§ YOUR ASSIGNMENT:
Without including any images, repeat the data exactly.

Records from a data source

*****

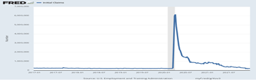 Another indicator of future job prospects is the decline in weekly initial jobless claims for unemployment as unemployment benefits expire.
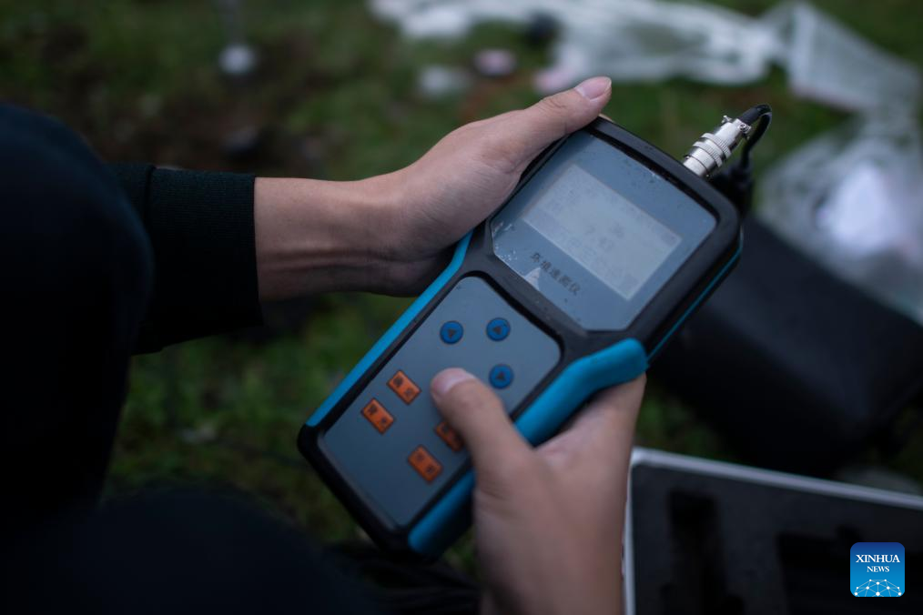 Liao Maoxin, a member of a scientific expedition team of the Changjiang River Scientific Research Institute, conducts soil multi-parameter detection at Zhimenda hydrologic station in Yushu Tibetan Autonomous Prefecture of northwest China's Qinghai Province, July 20, 2024. Chinese scientists launched an expedition on Saturday in the headwater regions of the Yangtze and Lancang rivers in northwest China's Qinghai Province, to investigate the regions' water resources and ecological environment.
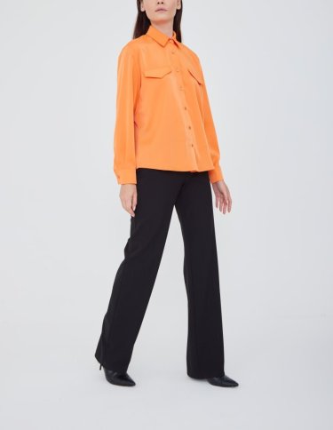 LONG SLEEVE BUTTON FRONT BLOUSE WITH FLAP POCKETS
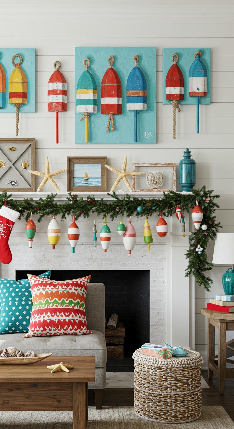 Create a buoy garland to drape across your mantel, effortlessly blending coastal charm with festive flair.
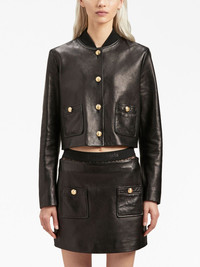 cropped leather jacket This leather jacket exhibits PALM ANGELS' innovative spirit with its cropped silhouette and ribbed collar. The brand's logo appears engraved into the gold-tone buttons, making the garment instantly recognisable. Highlights - Black - Leather - Ribbed band collar - Front button fastening - Long sleeves - Two front patch pockets - Straight hem - Cropped Imported Composition Lining: Cupro 100%, Cotton 100% Outer: Leather 100%
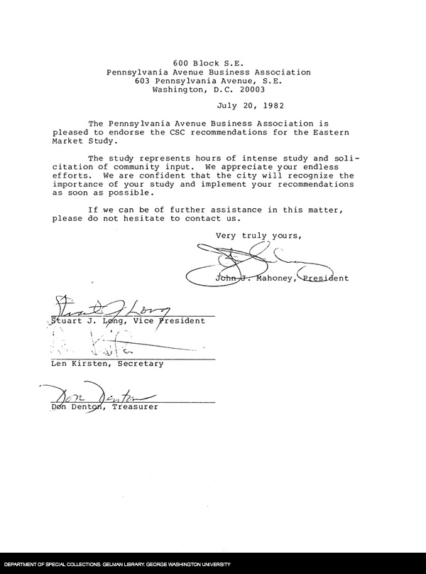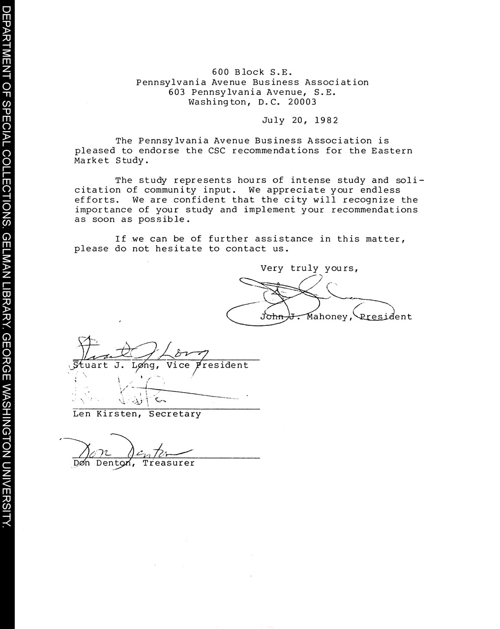 | Title: | Letter from the Pennsylvania Avenue Business Association |

*****

§ ANSWER TO THIS PROBLEM:
 Another indicator of future job prospects is the decline in weekly initial jobless claims for unemployment as unemployment benefits expire.
 Liao Maoxin, a member of a scientific expedition team of the Changjiang River Scientific Research Institute, conducts soil multi-parameter detection at Zhimenda hydrologic station in Yushu Tibetan Autonomous Prefecture of northwest China's Qinghai Province, July 20, 2024. Chinese scientists launched an expedition on Saturday in the headwater regions of the Yangtze and Lancang rivers in northwest China's Qinghai Province, to investigate the regions' water resources and ecological environment.
 LONG SLEEVE BUTTON FRONT BLOUSE WITH FLAP POCKETS
 Create a buoy garland to drape across your mantel, effortlessly blending coastal charm with festive flair.
 cropped leather jacket This leather jacket exhibits PALM ANGELS' innovative spirit with its cropped silhouette and ribbed collar. The brand's logo appears engraved into the gold-tone buttons, making the garment instantly recognisable. Highlights - Black - Leather - Ribbed band collar - Front button fastening - Long sleeves - Two front patch pockets - Straight hem - Cropped Imported Composition Lining: Cupro 100%, Cotton 100% Outer: Leather 100%
 | Title: | Letter from the Pennsylvania Avenue Business Association |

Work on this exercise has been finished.